Cascade latest to struggle with EAB threat

A DD ANOTHER VILLAGE TO the list of communities across the county struggling with the invasion of the emerald ash borer.

The pesky invader has been found in ash trees throughout the county, including in Plymouth, Elkhart Lake, Sheboygan Falls, Sheboygan and more.

Now the Cascade Village Board is considering what course to take against the emerald ash borer.

It hasn’t been positively identified in any trees in the village just yet, but it’s probably just a matter of time – the pest is all around them.

Of special concern for the village is Cascade Memorial Park, where most of the trees are threatened ash trees.

The village is investigating the cost of a treatment plan for the trees. But that would be expensive and would have to be done frequently, as the treatment is only good for two to three years.

Even then, the odds are good that the treatment would ultimately be ineffective, as it is not guaranteed to stop the borer forever.

Other municipalities, like Elkhart Lake, have tried the treatment program only to decide that it was not cost-effective.

Both Elkhart Lake and Plymouth have turned, instead, to a program to remove ash trees on public property over a number of years and replace them with a variety of other trees.

The concern in Cascade is that so many of the trees in the park are ash trees that it will take a major effort – at a major cost – to replace all of them with other unthreatened trees. It will be a real dilemma for officials there to weigh.

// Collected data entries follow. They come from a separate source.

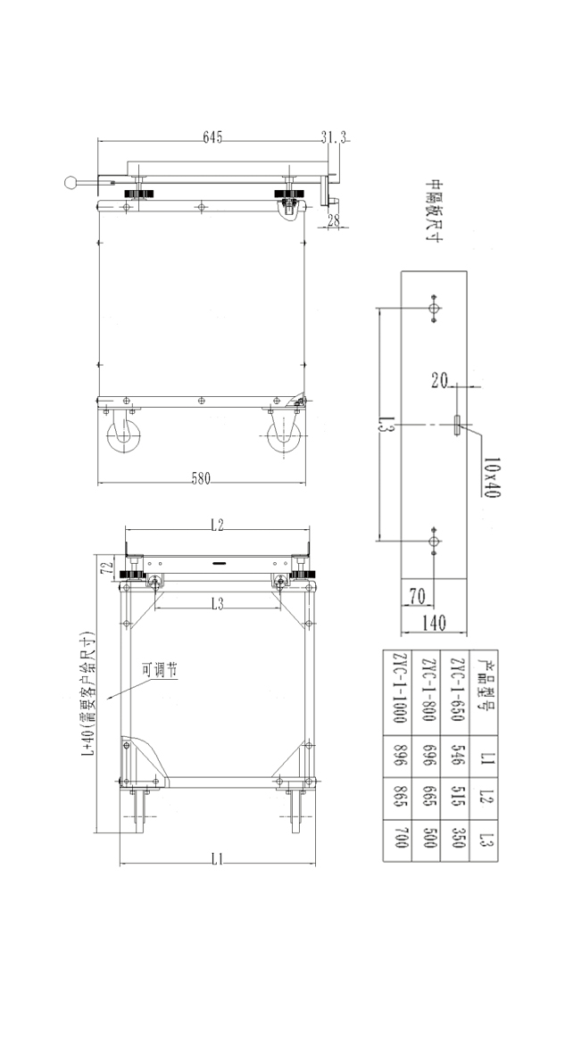 Fixed transfer trolley, available in three widths: 650 / 800 / 1000 mm, with fixed height
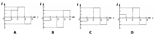 本题解析:在第一阶段,只有bc切割向外的磁感线,由右手定则知感应电流为负方向,大小为;在第二阶段,bc切割向里的磁感线,感应电流为逆时针方向,同时de切割向外的磁感线,感应电流为顺时针方向,则等效感应电流为零;在第三阶段,de切割向里的磁感线同时af切割向外的磁感线,两个电动势同为逆时针方向,等效电流为正方向,大小为;在第四阶段,只有af切割向里的磁感线,电流为负方向,等效感应电流为.故C正确,A、B、D错误.故选C.
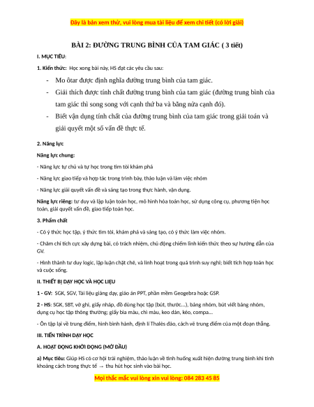 BÀI 2: ĐƯỜNG TRUNG BÌNH CỦA TAM GIÁC ( 3 tiết) I. MỤC TIÊU:
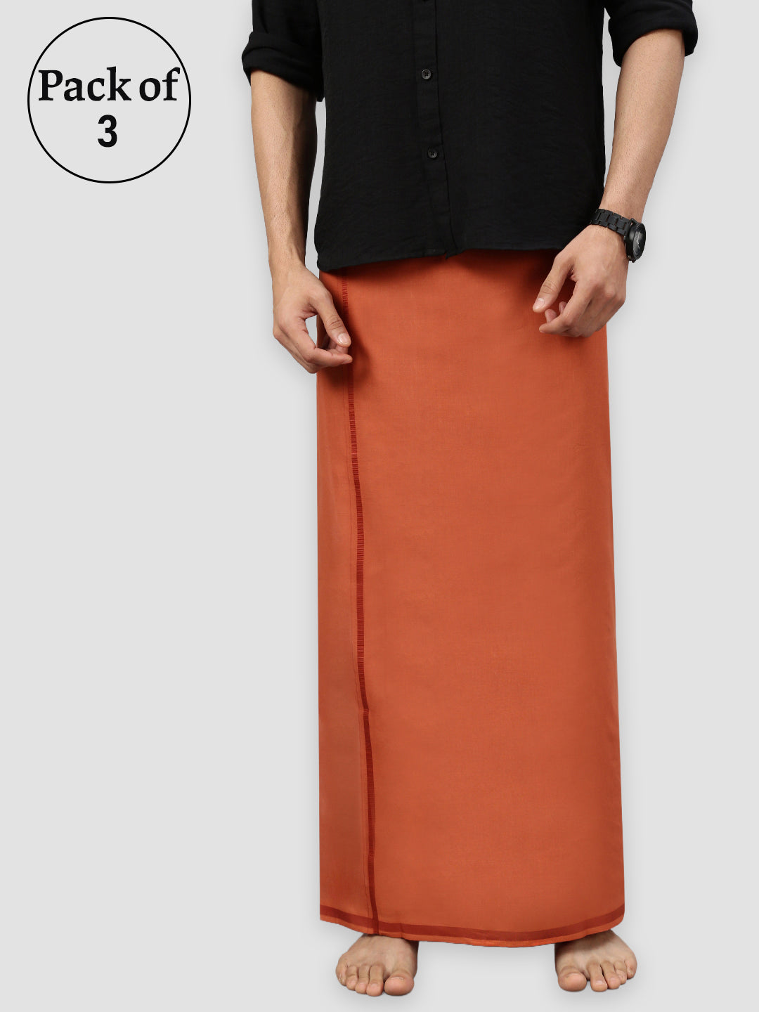 Men 100% Cotton Single Layer Dark Kaavi Dhoti with Assorted Border Amarnath BB Pack of 3
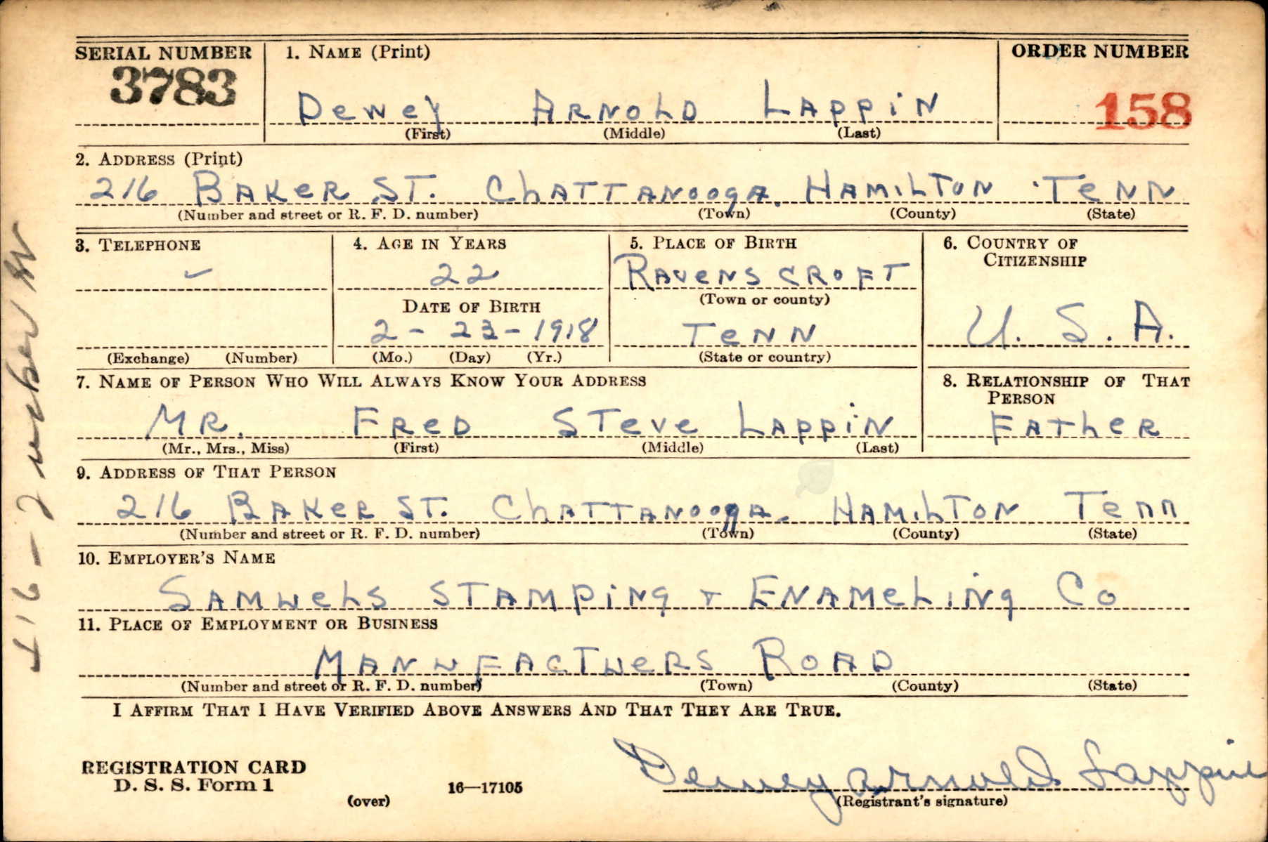 Dewey Arnold Lappin was born at Ravens Croft, Tennessee, the son of Fred Steve Lappin and Gertrude Dubois.
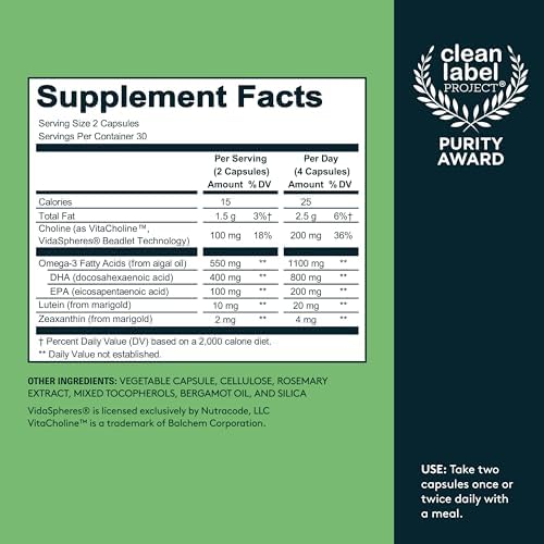 Dosed at 500mg of Omega-3(DHA+EPA), 100mg of Choline, 10mg of Lutein, and 2mg of Zeaxanthin.
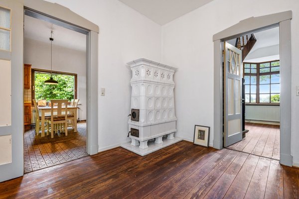 Die Hauptvilla aus dem Jahr 1870 verfügt über eine Wohnfläche von ca. 141 m², verteilt auf vier großzügige Zimmer. Sie wurde über die Jahre hinweg liebevoll gepflegt und instand gehalten, wobei stets darauf geachtet wurde, den originalen Charakter des Hauses zu bewahren. Die lichtdurchfluteten Räume, die beeindruckend hohen Decken sowie zahlreiche historische Details – viele davon über ein Jahrhundert alt – verleihen dem Haus einen besonderen Charme und eine gemütliche Atmosphäre.
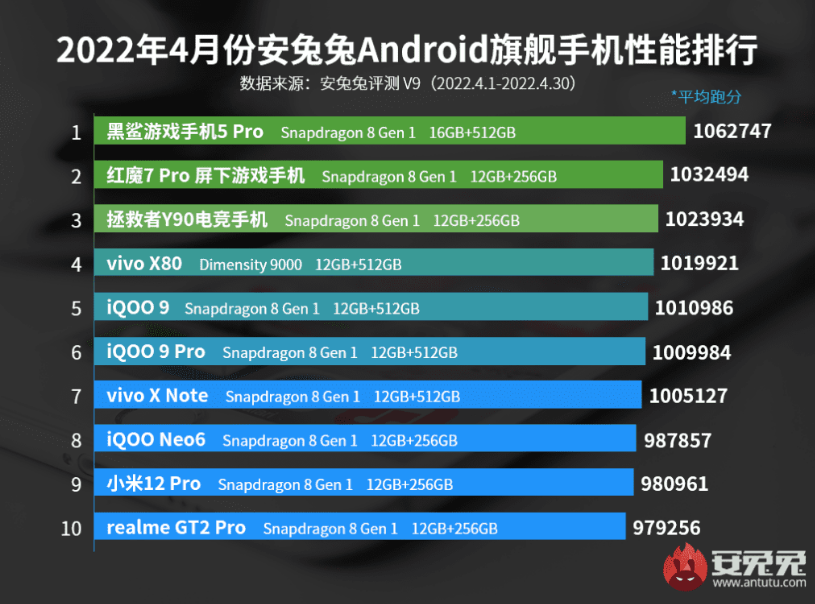 AnTuTu(telefonları ve diğer cihazları karşılaştırmak için yaygın olarak kullanılan bir yazılım kıyaslama aracı)'dan aktarılan bilgilere göre; nisan ayının en hızlı Android telefonlar listesine Qualcomm Snapdragon 8 Gen 1 damga vurdu. Bir süredir rakibi MediaTek Dimensity 9000’e büyük farkla üstünlük kuran yonga seti; bu ay da listedeki 10 modelin 9’unda karşımıza çıkmayı başardı.
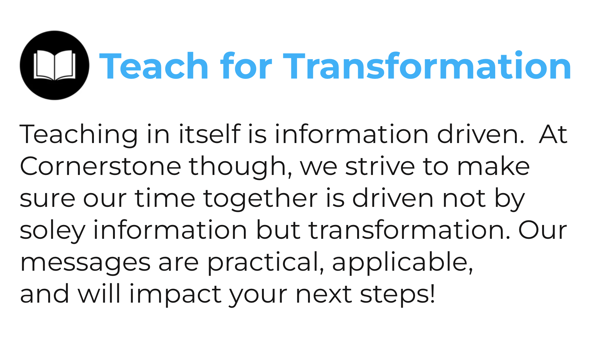The following are the core beliefs of Cornerstone Church based on the foundational truths taught in the bible. All of our teaching and ministry is rooted in and flows out of these biblical doctrines.
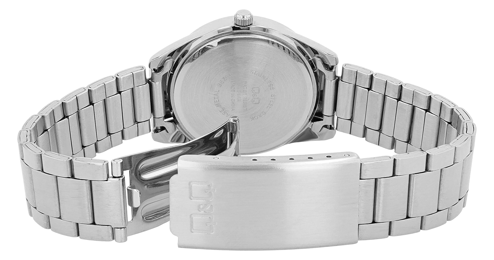 Haal het beste in kwaliteit en design in huis met dit Q&Q - by Citizen Watch Co. LTD (by Citizen Watch Co. LTD) dameshorloge dat elegantie en betrouwbaarheid perfect combineert. De robuuste en stijlvolle roestvrijstalen armband is stevig, duurzaam en kan ook worden ingekort om om elke pols te passen. De vouwsluiting zorgt voor een stevige grip en comfortabel dragen en is eenvoudig te bedienen. De kast is gemaakt van duurzaam metaal en heeft een roestvrijstalen achterkant, die duurzaamheid en extra bescherming biedt. De groene wijzerplaat, met uitzondering van 12 en 6 uur, is bezet met fonkelende Similis-steentjes als puntindex, wat zorgt voor een duidelijke en elegante leesbaarheid. De wijzers en cijfers zijn zilverkleurig. Met een totale lengte van 21,5 cm, een kastdiameter van 34 mm en een kasthoogte van 9 mm is dit horloge de perfecte mix van opvallend design en draagcomfort. De bandbreedte van 16 mm zorgt voor een slank, vrouwelijk silhouet en het horloge is ook waterbestendig tot 3 bar. Het nauwkeurige kwartsuurwerk garandeert een betrouwbare tijdmeting en is daarom ideaal voor dagelijks gebruik. Het slijtvaste mineraalglas beschermt de wijzerplaat tegen krassen en stoten, zodat het horloge er altijd goed uitziet, zelfs bij intensief gebruik.
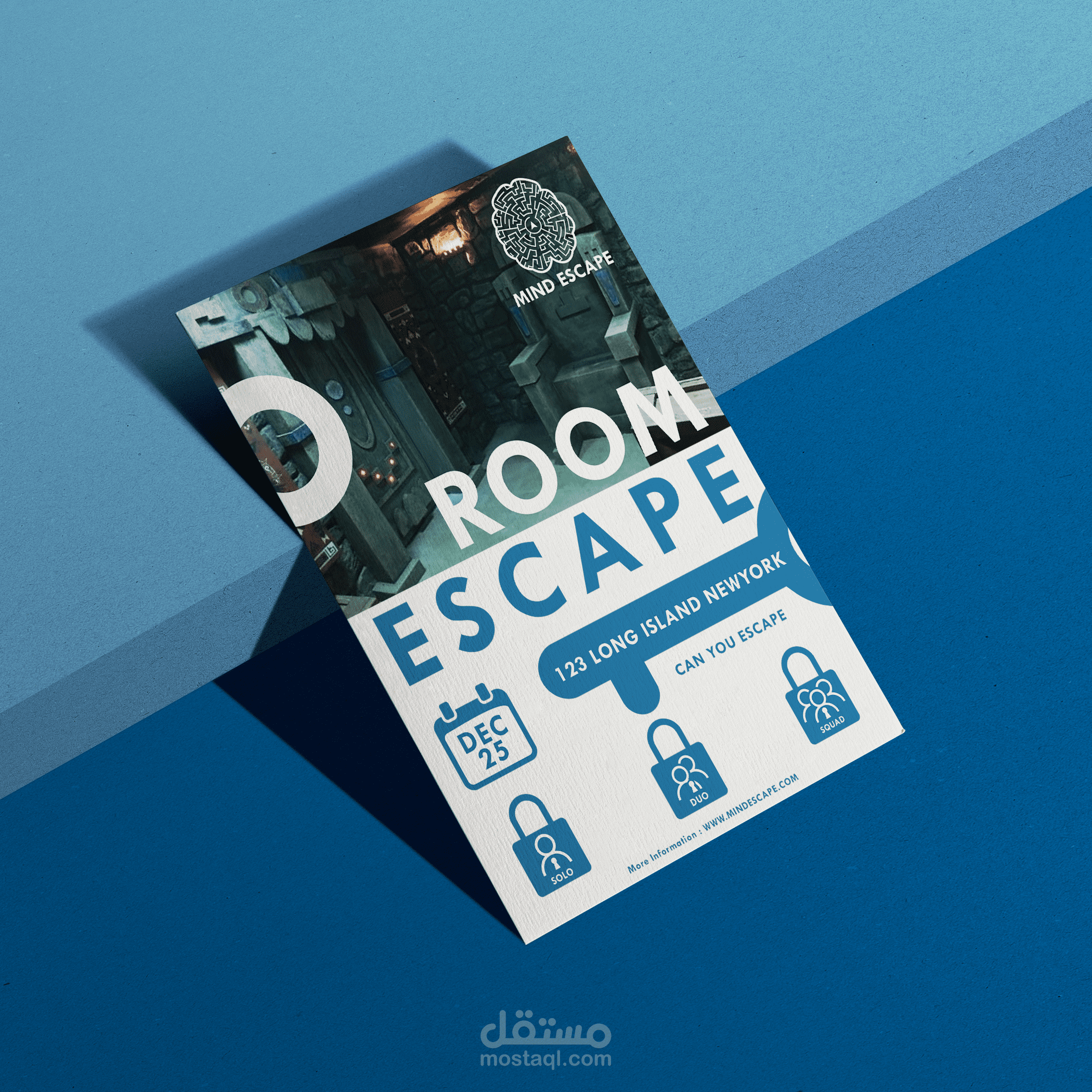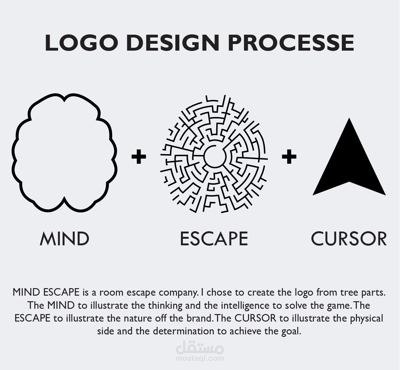 MIND ESCAPE هي شركة متخصصة في ألعاب الهروب من الغرفة من اختراعي. لقد قمت بإنشاء الشعار من ثلاثة أجزاء. العقل لتوضيح جانب التفكير و الذكاء لحل اللعبة. الهروب لتوضيح طبيعة العلامة التجارية. المؤشر لتوضيح الجانب الجسدي والعزم على تحقيق الهدف.
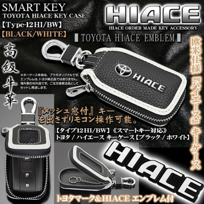 【タイプ12HI/BW】トヨタ/ハイエース キーケース《ブラック/ホワイト》Tマーク&HIACEエンブレム付/キーホルダー/窓付/...
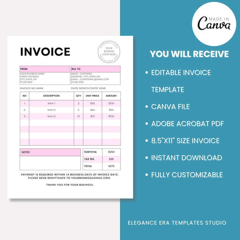 Printable Invoice Custom Form Template Editable Blank Invoice Canva
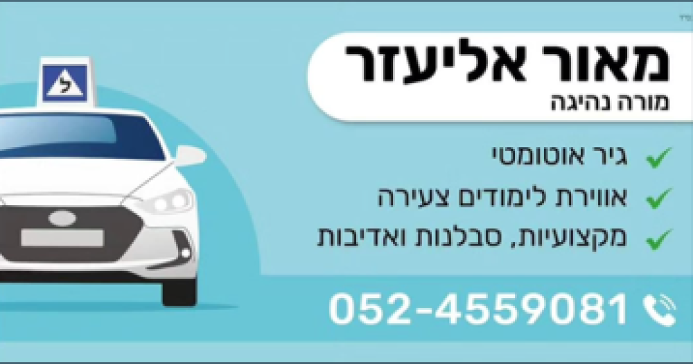 שמי מאור אליעזר,מורה נהיגה על רכב פרטי. אני מזמין אתכם ללמוד לנהוג נכון, לחוויה לימודית ומקצועית. לימודי נהיגה המותאמים לכל תלמיד בצורה הטובה ביותר
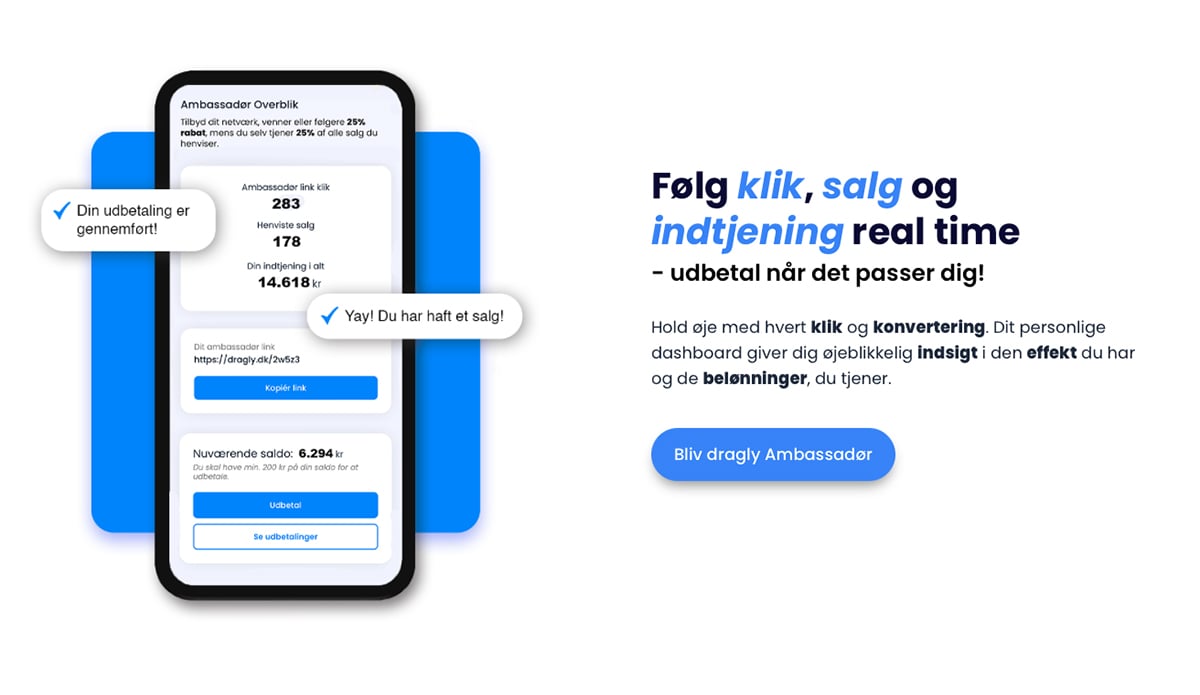 Skal man ud og have udviklet en platform som Dragly her, med ambassadørsystem og hvor alt er 100% automatiseret, så snakker vi hurtigt MINIMUM 500-600.000 kr. Der er brugt ca. 700 udviklingstimer i alt og her har jeg endda brugt meget kode fra tidligere projekter, så det ville tage længere tid, hvis det skulle lave helt fra bunden.

EAB, an invasive pest native to Asia, was first discovered in ash trees in southeast

Michigan in 2002 and has since spread from

Kansas to New England and from Ontario to

Georgia.

Unfortunately, it seems the most effective way to combat the borer is to remove ash trees – healthy as well as diseased – before the beetle can spread to those trees that are still unaffected.

Plymouth and Sheboygan were both able to obtain grant funds to help cover the cost of the tree replacement program. That may be an avenue for Cascade officials to explore as well.

Removal of ash trees is an extreme step to take, but if it is paired with a tree replacement program that includes a wide variety of species of trees to replace them, it could well prove beneficial in the long run.

Cascade Memorial Park may well be proof of the old adage not to place all your eggs in one basket or, at least, not to plant all your trees in one species.

The emerald ash borer seemingly came out of nowhere to spread its blight across a wide swath of the countryside. There can be no predicting what might be the next invader in another generation or so.

If parks and communities sport a wide variety of trees then, the impact of any future invader will be that much less dramatic.